Jornal do Brasil
- Type: Daily newspaper
- Format: Berliner (when printed) Virtual
- Owner: Omar Resende Peres Filho
- Founder: Rodolfo Dantas
- Editor: Gilberto Menezes Côrtes
- Photo editor: José Marinho Peres
- Founded: 9 April 1891; 135 years ago
- Language: Brazilian Portuguese
- Headquarters: Avenida Rio Branco, 53, Rio de Janeiro, RJ
- Country: Brazil
- OCLC number: 1754340
- Website: jb.com.br

= Jornal do Brasil =

Brazilian newspaper

Jornal do Brasil, widely known as JB, is a daily newspaper published by Editora JB in Rio de Janeiro, Brazil. The paper was founded in 1891 and is the third oldest extant Brazilian paper, after the Diário de Pernambuco and O Estado de S. Paulo. On 31 August 2010 it became a digital newspaper, folding its print edition until 25 February 2018, when it resumed publication.

==History==
It is often believed that the newspaper was founded by former supporters of the deposed monarchy and sported conservative views in its early decades. However at the time, the monarchy was leading the fight for the end of slavery so can be considered liberal for the period. Many important Brazilian writers and journalists eventually worked for Jornal do Brasil, especially after the 1964 coup d'état. Jornal do Brasil was an important opponent for challenging censorship although it never was radically against the dictatorship and its editors did not follow a rebellious line against the government, rather they avoided such conflict. At times however, but to a lesser extent than the São Paulo paper 'Estadão' they replaced censored news with cake recipes, or news from articles on international news instead of polemic Brazilian stories.

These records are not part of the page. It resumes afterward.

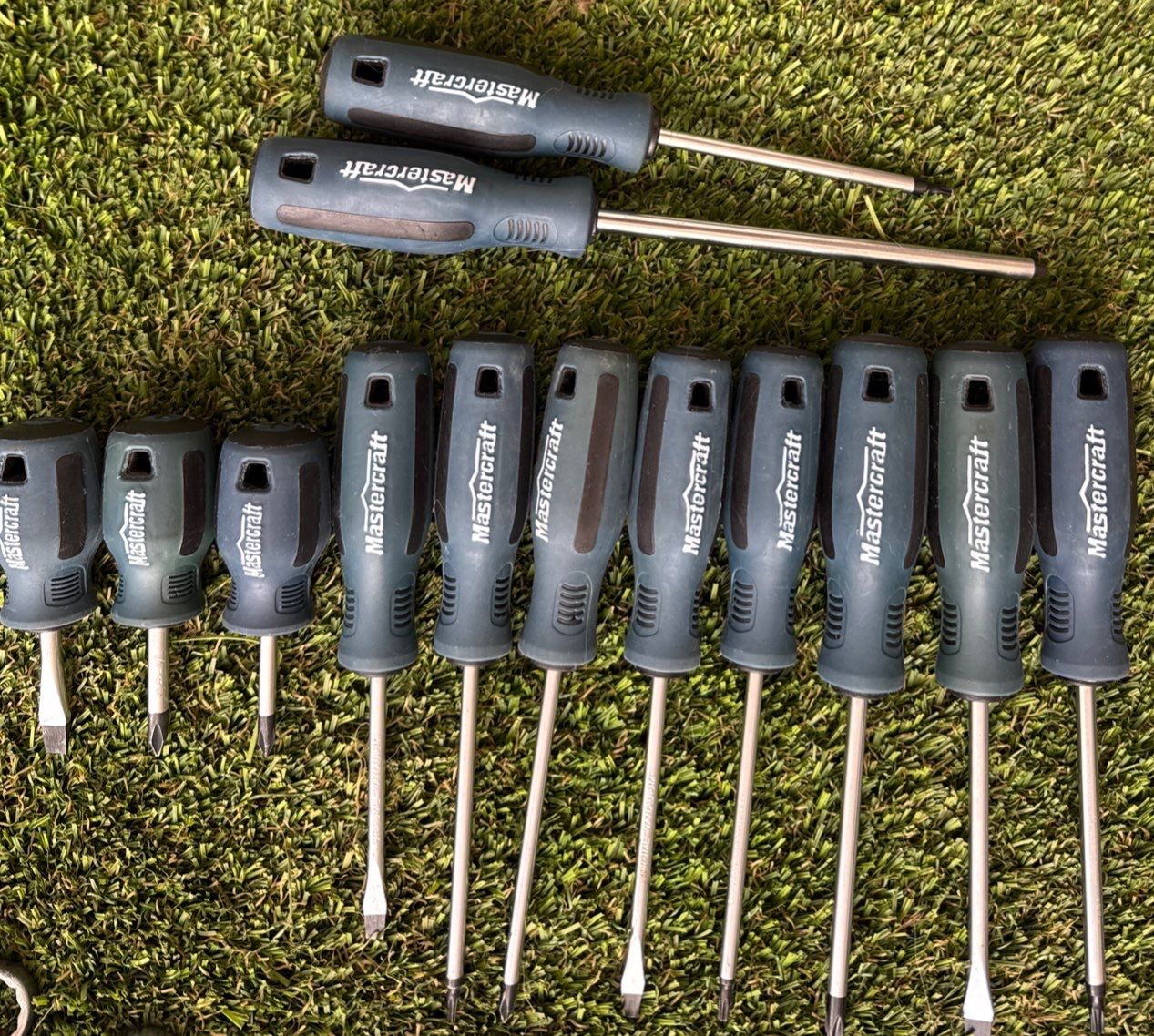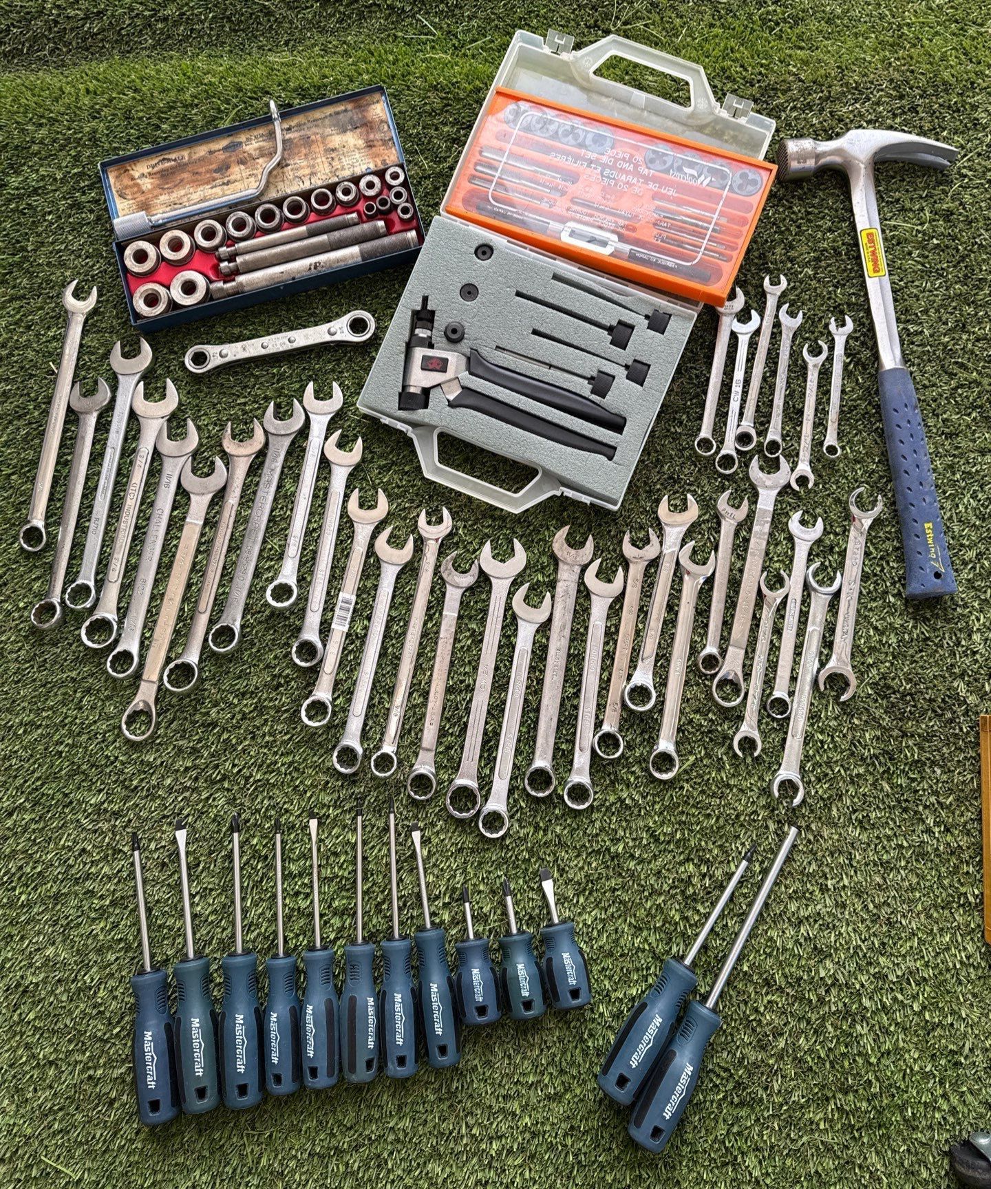 Lot 34 Hand Tool Assortment - Mastercraft Screwdrivers Tap & Die Set Rivet Tool & More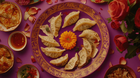 A purple plate with golden patterns, featuring six white dumplings and one yellow pastry in the center of which is an orange flower, surrounded by small bowls filled with various ingredients including sauce, herbs, red flowers, gold leafs, and other decorations on it. The background features a purple wall with roses and some scattered dried petals, creating a festive atmosphere for Chinese New Year's Eve dinner. --chaos 30 --ar 16:9 --v 6.1 Job ID: 22ffd829-28d9-41f2-8b67-cd27152e5aa9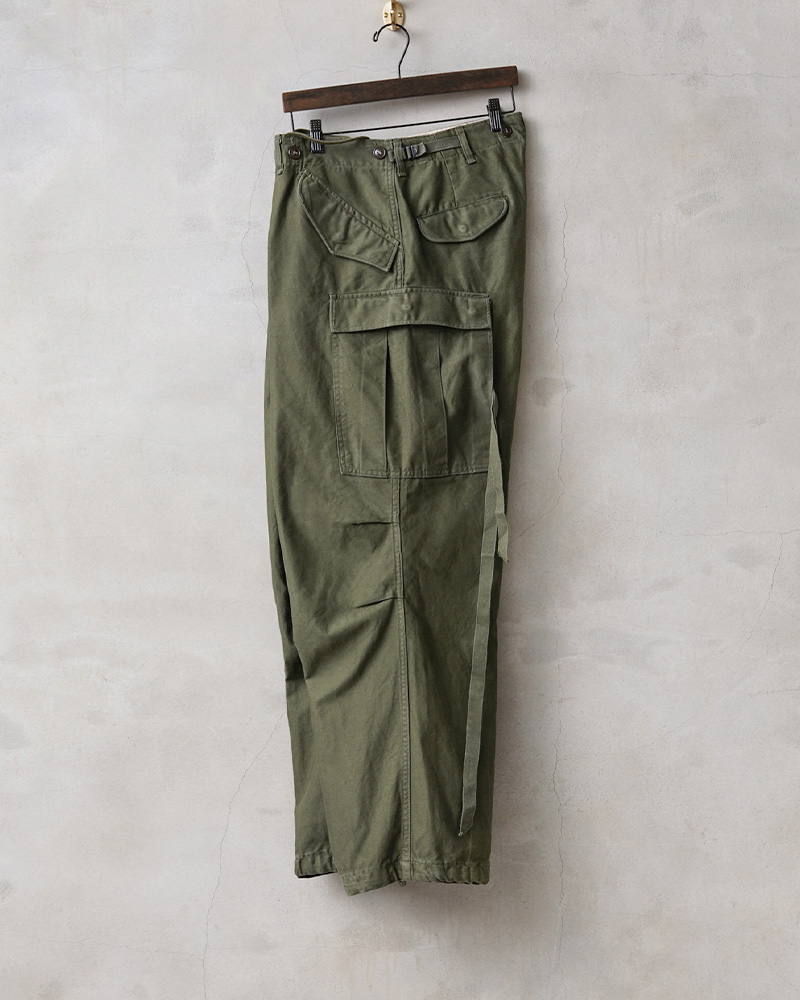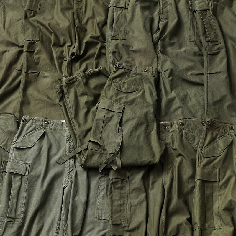 | 商品説明 | 実物 USED 米軍 M-51 フィールドカーゴパンツのご紹介です。 正式名称:TROUSERS SHELL, FIELD, M-1951 放出される機会自体がほとんど無くなった希少な名作トラウザーであるM-51フィールドカーゴパンツ。現在のカーゴパンツの原型とも言われ、M-65カーゴパンツよりも希少性の高いアイテムが極少量のみで入荷しました! U.S.ミリタリーカーゴの代表作といっても良いパンツで、ウエスト&サスペンダー用のボタンには、この年代のUSモノ特有のリブ付きのボタンが使用されており、サイドのシームはもちろん、ダブルの巻き縫い仕様。 ドローコードは平紐のノンパイプ仕様で、生地には雰囲気抜群なコットンサテンを使用しているヴィンテージの魅力が詰まったアイテムです!シルエットは太めで、今、求められているサイズ感で、清潔感のあるトップスと合わせたら非常にかっこよく着用していただけます。半世紀以上も前に作られたのにも関わらず今見ても存在感が他とは一線を画す商品です。 本当に希少で久々に入手しましたし、近年数が減り状態がよい物や日本人に合う物がなく、今後の入荷は無いといっても良いほどです。当店でも復刻版も扱っていますがこちらは正真正銘、本物の実物米軍M-51フィールドカーゴパンツです。この機会にぜひ本物のヴィンテージミリタリーを手にして下さい。 ディテール ・米軍実物放出品 ・フラップ付きサイドポケット×2 ・フラップ付きバックポケット×2 ・モモ部ボタン式フラップ付きラージカーゴポケット×2 ・シーム巻き込みダブルステッチ縫製 ・ベルトループ ・ウエストアジャスター ・ジッパーフライ ・スソ部ドローコード |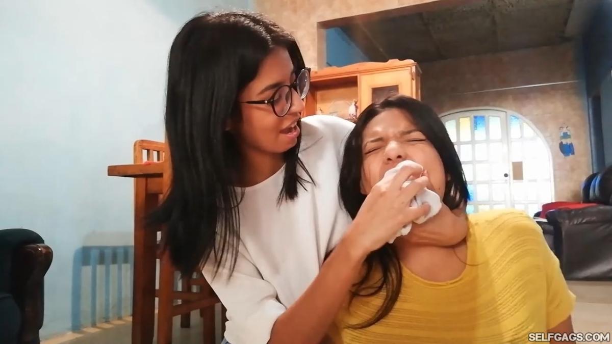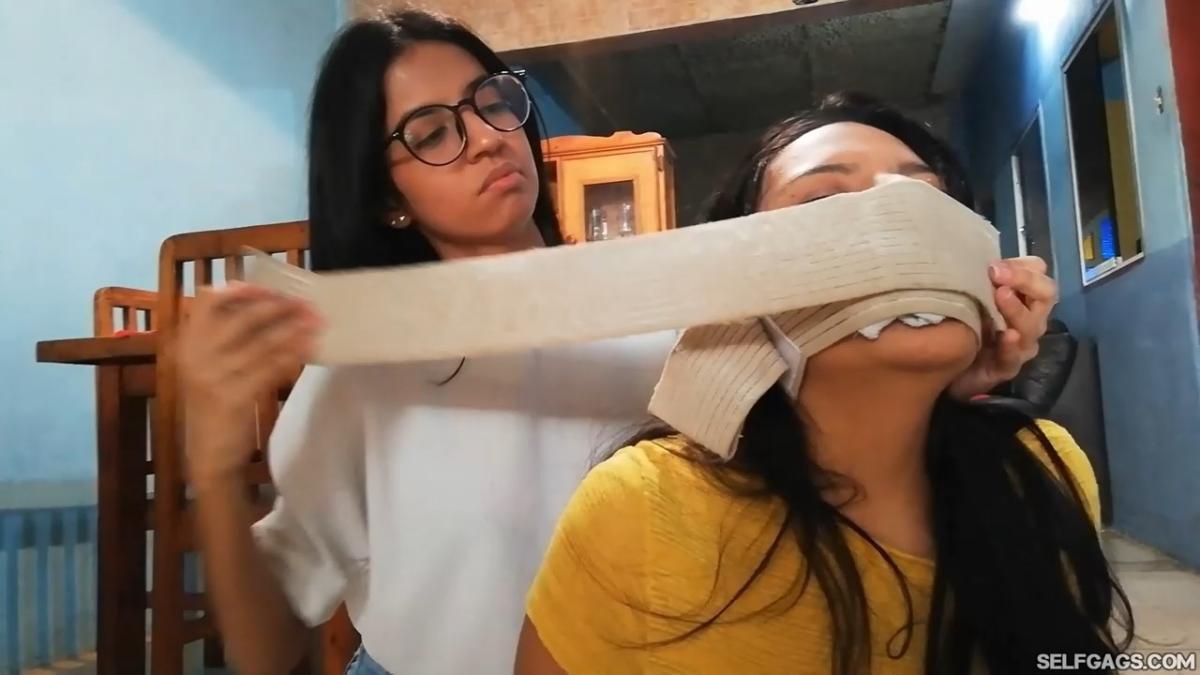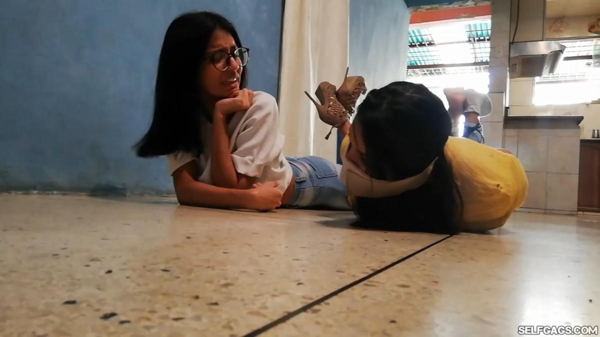 Alexandra drags one sock off of Camila’s feet and has her wired friend sit up for the gagging. Alexandra puts a hand over Camila’s mouth and explicitly shows Camila her own worn sock as she explains what is going to happen next. Alexandra shoves the sock in Camila’s mouth and quickly wraps a layer of support wrap around her head!

What some people do not realise that the newspaper made its great profits from the advertisement it sold, it had at times up to 5 supplements on different areas of the Rio market. To sell almost anything in Rio de Janeiro, the main city in Brazil at the time, you had to advertise in JB. News was of secondary consequence until its owner, the countess, decided to change the line of the paper to a more standard format, and journalism was taken more seriously.

In 1992 the paper published an unflattering photo of Henry Kissinger on the front page. Kissinger's lawyer sent a cease and desist letter threatening to sue them if they sold the photo. The newspaper refused and one of the buyers was the advertising agency Woolward & Partners who used it in an advertisement for computer equipment. Woolward & Partners was also threatened with legal action. The photograph was also used in the 1996 book Washington Babylon by Alexander Cockburn and Ken Silverstein.

The paper suffered after the Brazilian boom years having too much credit in dollar. With the oil crisis their stocks fell and they suffered until they were sold
JB was the first Brazilian newspaper to have an electronic edition which included partial PDF-publishing. In 2002, it was sold to businessman Nelson Tanure who restructured it again. It still holds slightly left
 positions, compared to its major rival, O Globo.

JB is pictured in the Academy Award-nominated film Cidade de Deus, as the newspaper where the main character, Buscapé, begins working as a photographer. The movie is set in Rio de Janeiro during the 1960s-1980s, the golden age of the paper, before it started its long decaying period.

On 31 August 2010, JB ceased its printed version, becoming online-only until 25 February 2018, when it was relaunched at Rio's newsstands.